+++ Stored data

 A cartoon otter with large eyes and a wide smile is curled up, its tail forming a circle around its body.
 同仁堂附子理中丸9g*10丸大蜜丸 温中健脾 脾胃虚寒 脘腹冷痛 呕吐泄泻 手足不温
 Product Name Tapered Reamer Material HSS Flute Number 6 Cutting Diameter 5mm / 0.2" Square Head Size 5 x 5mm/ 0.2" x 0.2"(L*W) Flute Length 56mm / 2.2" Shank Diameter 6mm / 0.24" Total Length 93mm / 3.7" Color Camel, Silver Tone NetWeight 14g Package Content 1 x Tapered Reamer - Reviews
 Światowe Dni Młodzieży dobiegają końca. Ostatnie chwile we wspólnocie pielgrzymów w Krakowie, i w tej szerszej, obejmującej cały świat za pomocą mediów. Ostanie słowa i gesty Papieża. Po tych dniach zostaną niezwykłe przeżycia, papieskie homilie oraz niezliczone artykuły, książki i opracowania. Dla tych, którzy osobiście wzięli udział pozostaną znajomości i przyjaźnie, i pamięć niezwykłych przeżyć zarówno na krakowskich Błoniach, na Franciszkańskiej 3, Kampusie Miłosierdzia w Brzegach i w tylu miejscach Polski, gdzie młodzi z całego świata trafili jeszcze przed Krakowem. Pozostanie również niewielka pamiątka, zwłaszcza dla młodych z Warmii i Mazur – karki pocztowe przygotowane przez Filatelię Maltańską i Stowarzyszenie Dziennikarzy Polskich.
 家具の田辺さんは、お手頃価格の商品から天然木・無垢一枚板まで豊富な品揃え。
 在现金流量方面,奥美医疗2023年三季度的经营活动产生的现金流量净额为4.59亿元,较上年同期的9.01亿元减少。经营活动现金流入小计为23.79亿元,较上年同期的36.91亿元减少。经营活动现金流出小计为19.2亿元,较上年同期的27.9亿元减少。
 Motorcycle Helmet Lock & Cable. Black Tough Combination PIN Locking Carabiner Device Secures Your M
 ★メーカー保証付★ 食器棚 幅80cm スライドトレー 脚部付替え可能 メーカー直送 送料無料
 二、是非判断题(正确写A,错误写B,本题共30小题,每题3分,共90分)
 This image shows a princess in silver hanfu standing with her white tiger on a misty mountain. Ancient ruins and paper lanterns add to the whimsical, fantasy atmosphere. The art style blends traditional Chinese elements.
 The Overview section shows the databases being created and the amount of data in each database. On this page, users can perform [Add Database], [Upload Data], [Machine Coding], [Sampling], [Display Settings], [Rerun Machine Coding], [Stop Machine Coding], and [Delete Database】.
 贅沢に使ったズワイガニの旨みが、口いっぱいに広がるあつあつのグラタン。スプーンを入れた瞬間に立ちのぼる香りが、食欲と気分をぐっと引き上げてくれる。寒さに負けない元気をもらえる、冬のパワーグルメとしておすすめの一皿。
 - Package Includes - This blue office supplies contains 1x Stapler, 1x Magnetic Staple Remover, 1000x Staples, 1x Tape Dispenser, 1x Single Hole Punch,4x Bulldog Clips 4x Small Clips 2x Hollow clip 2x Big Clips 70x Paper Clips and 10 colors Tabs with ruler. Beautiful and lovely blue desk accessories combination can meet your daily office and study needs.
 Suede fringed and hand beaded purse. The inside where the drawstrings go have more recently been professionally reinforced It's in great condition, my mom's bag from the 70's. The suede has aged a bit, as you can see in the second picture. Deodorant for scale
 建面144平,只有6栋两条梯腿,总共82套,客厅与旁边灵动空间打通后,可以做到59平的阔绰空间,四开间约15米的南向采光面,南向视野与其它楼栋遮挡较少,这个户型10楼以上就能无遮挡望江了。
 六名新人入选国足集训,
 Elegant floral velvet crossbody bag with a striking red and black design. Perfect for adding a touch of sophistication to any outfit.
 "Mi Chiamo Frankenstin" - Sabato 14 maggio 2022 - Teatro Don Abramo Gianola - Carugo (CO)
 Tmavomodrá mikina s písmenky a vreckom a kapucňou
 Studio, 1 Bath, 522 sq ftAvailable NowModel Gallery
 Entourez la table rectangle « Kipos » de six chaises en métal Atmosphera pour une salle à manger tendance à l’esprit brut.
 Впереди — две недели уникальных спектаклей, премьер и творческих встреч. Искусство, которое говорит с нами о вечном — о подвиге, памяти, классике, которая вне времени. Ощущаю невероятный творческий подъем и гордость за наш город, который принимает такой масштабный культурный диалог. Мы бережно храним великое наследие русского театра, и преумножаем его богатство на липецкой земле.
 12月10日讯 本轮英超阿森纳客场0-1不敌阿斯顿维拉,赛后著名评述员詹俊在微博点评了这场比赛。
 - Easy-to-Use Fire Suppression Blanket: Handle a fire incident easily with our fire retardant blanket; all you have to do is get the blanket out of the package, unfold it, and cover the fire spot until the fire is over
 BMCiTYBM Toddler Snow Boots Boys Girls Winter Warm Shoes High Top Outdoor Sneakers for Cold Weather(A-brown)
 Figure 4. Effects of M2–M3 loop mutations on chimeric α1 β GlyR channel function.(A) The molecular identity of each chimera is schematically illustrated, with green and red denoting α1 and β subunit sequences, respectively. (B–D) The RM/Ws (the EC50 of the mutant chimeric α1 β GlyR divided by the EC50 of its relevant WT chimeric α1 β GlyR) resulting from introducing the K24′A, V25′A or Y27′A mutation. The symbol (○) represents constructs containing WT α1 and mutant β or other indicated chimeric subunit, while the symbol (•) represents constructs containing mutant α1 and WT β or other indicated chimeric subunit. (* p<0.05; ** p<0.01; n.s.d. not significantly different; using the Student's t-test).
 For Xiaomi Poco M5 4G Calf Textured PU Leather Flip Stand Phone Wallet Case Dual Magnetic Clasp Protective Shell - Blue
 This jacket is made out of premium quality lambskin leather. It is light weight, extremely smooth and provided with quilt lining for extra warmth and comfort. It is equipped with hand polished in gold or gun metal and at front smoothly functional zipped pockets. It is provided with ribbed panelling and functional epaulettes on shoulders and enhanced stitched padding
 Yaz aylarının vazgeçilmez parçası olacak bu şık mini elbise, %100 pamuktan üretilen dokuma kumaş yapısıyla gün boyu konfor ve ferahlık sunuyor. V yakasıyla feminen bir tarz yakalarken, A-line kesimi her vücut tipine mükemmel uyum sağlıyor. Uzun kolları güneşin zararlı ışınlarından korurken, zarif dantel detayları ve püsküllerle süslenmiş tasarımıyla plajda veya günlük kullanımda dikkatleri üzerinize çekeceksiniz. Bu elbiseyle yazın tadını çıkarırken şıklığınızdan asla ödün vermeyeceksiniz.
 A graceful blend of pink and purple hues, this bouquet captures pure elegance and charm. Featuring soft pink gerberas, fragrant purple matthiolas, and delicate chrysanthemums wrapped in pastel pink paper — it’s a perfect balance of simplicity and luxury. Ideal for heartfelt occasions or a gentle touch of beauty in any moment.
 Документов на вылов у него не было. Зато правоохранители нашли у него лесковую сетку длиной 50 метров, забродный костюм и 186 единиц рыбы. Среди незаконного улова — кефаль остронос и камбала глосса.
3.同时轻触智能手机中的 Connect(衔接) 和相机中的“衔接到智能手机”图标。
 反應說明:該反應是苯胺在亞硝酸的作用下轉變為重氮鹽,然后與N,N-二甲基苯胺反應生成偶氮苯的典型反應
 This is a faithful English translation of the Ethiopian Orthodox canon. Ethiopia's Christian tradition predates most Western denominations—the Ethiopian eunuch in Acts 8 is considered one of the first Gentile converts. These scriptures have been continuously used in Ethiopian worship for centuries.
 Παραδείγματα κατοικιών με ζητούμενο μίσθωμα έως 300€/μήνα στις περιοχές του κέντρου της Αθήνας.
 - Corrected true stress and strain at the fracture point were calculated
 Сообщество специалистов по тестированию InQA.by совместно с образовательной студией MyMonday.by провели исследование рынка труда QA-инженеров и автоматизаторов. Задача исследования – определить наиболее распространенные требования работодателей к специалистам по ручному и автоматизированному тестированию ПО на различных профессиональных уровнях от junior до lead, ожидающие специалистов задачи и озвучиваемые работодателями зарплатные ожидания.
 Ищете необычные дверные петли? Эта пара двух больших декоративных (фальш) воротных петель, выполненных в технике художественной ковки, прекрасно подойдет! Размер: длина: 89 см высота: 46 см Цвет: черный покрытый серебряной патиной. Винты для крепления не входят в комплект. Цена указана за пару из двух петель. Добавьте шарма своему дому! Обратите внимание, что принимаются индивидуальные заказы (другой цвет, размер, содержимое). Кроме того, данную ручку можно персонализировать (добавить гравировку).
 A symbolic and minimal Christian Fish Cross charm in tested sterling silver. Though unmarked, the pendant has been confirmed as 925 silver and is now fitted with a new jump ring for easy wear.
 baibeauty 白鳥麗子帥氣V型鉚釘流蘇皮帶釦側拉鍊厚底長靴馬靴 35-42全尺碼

++++++

Task description
Only the lines above from the line containing "12月10日讯 本轮英超阿森" through the line containing "BMCiTYBM Toddler Snow" should be retyped, exactly and with both ends included.

Answer for this exercise
 12月10日讯 本轮英超阿森纳客场0-1不敌阿斯顿维拉,赛后著名评述员詹俊在微博点评了这场比赛。
 - Easy-to-Use Fire Suppression Blanket: Handle a fire incident easily with our fire retardant blanket; all you have to do is get the blanket out of the package, unfold it, and cover the fire spot until the fire is over
 BMCiTYBM Toddler Snow Boots Boys Girls Winter Warm Shoes High Top Outdoor Sneakers for Cold Weather(A-brown)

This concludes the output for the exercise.